Thèmes – Egalité – Maternité et paternité

Le congé de paternité a un besoin urgent d’une base juridique

Travail.Suisse a mis à jour les chiffres sur la fréquence du congé de paternité dans l’économie suisse (à partir de mai 2018). Les contrats collectifs de travail les plus importants et les plus contraignants ont été analysés. Il s’avère que l’adoption d’un congé de paternité est un processus lent. Pour près de la moitié des salariés sous contrat collectif de travail, seuls 1 à 2 jours de congé de paternité sont encore prévus. Parmi les grandes entreprises, il existe de nombreux exemples de congés de paternité de 10 à 20 jours.

Les chiffres relatifs au secteur public en tant qu’employeur ont également été mis à jour. Pour la Confédération, les cantons, les 30 plus grandes villes et les capitales cantonales, le congé paternité de 5 à 10 jours devient la norme. Cependant, seuls les grands centres urbains offrent un congé de paternité de 20 jours ouvrables, comme l’exige l’initiative populaire Travail.Suisse.

Dans l’ensemble, il y a une grande différence entre les grands et les petits employeurs : les grands employeurs offrent un congé de paternité, quoique modestement, alors que les petits employeurs ne le font généralement pas. Cette lacune ne peut être comblée que par une législation sur le congé de paternité et un financement fondé sur la solidarité, ce qui crée des règles du jeu équitables.

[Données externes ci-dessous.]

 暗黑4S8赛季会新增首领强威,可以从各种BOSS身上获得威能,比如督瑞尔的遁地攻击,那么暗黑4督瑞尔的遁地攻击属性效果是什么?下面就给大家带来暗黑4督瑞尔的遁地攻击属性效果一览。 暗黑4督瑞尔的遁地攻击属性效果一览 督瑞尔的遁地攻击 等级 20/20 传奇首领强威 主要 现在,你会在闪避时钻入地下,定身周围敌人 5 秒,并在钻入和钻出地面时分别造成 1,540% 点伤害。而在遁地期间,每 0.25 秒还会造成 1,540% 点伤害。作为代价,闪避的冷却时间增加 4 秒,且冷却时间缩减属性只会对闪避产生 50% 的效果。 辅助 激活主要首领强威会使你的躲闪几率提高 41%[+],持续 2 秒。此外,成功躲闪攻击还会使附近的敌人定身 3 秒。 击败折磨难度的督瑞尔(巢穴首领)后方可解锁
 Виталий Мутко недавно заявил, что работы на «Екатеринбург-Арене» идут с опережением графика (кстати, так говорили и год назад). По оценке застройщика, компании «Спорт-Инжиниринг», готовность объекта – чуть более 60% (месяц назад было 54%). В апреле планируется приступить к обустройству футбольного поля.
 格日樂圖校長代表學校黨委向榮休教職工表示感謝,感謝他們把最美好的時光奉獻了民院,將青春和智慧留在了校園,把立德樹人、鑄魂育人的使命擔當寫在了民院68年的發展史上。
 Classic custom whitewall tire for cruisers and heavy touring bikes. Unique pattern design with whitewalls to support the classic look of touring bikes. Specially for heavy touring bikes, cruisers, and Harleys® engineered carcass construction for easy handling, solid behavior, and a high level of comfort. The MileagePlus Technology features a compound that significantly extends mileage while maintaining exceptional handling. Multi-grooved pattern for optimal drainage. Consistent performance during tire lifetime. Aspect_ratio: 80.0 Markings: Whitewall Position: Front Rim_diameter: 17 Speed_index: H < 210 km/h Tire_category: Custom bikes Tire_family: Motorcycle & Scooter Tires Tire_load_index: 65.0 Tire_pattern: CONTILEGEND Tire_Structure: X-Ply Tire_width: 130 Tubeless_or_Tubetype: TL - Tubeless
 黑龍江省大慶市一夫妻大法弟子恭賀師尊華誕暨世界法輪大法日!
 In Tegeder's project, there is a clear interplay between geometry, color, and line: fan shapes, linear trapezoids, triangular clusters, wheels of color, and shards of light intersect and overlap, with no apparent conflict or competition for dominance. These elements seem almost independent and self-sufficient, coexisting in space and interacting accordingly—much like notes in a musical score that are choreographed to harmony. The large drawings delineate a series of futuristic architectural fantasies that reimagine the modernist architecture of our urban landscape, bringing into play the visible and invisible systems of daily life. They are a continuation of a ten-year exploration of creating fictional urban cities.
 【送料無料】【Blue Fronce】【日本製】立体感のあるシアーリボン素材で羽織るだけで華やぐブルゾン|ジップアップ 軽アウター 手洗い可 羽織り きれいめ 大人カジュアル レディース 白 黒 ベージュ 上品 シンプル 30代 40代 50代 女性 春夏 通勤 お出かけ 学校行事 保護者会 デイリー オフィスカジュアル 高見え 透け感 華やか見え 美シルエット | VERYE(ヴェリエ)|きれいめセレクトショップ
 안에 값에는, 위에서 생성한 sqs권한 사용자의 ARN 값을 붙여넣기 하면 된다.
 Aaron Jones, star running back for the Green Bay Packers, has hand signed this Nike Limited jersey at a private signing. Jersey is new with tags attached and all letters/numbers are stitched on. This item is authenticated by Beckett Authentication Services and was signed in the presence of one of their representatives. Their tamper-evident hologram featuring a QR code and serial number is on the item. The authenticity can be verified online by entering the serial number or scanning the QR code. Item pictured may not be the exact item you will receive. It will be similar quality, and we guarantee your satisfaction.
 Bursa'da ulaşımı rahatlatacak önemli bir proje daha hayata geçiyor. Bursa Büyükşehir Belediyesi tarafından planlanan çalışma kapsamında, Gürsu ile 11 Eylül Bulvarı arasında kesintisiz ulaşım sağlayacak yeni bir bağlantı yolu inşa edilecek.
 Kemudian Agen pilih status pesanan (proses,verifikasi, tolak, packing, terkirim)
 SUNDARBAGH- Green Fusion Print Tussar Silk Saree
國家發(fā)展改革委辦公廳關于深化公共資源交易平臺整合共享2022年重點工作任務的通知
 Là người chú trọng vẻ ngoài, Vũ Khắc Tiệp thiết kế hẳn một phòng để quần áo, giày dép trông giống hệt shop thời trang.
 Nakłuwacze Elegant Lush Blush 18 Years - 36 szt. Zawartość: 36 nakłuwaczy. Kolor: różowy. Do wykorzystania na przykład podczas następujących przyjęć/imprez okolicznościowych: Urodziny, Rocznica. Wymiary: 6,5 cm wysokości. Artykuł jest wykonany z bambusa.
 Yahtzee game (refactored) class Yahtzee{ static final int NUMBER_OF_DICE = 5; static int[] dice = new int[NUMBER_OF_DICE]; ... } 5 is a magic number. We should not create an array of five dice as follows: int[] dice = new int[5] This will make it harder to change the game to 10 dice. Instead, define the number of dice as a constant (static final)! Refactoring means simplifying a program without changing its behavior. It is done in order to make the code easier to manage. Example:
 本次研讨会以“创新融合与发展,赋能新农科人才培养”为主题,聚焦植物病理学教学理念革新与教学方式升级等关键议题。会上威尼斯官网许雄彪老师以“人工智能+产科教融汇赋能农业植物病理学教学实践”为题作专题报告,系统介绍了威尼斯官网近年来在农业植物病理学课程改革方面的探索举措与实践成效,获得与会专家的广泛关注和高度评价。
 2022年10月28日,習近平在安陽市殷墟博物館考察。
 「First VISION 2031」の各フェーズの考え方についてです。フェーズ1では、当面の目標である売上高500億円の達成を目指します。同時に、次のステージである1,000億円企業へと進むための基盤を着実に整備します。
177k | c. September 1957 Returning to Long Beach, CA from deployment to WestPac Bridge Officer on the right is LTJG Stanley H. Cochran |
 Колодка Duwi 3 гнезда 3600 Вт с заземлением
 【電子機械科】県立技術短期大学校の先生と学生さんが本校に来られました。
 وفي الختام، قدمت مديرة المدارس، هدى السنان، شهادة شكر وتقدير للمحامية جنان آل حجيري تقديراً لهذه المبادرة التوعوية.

> A la fiche d’informations avec tous les graphiques


La Suisse aura bientôt un congé paternité

En tant que premier conseil, le Conseil des Etats a traité de l’initiative sur le congé paternité. A l’avenir, les pères auront droit, au lieu de 20 jours, tout de même, à 10 jours de congé paternité. Grâce à la pression de l’initiative, la politique semble franchir une première étape. Un congé parental de 24 semaines doit en être la deuxième. Mais d’abord le Conseil national décide lors de la session d’automne, respectivement d’hiver sur le congé paternité. suite

Le 20 juin, le Conseil des Etats a amplement débattu de trois propositions relatives au congé paternité. : sur l’initiative de Travail.Suisse et d’autres organisations « Pour un congé paternité raisonnable – en faveur de toute la famille » avec 20 jours ouvrables, sur le contre-projet de la commission préparatoire avec 10 jours ouvrables et sur une proposition de pouvoir user des vacances pour le congé paternité sans jours libres supplémentaires. Les activistes des organisations participantes ont attentivement écouté les débats depuis la tribune où l’on bien vu les lingettes pour bébés avec le logo de l’initiative en surimpression. Les membres du Conseil des Etats ont remarqué l’intérêt suscité par leurs débats.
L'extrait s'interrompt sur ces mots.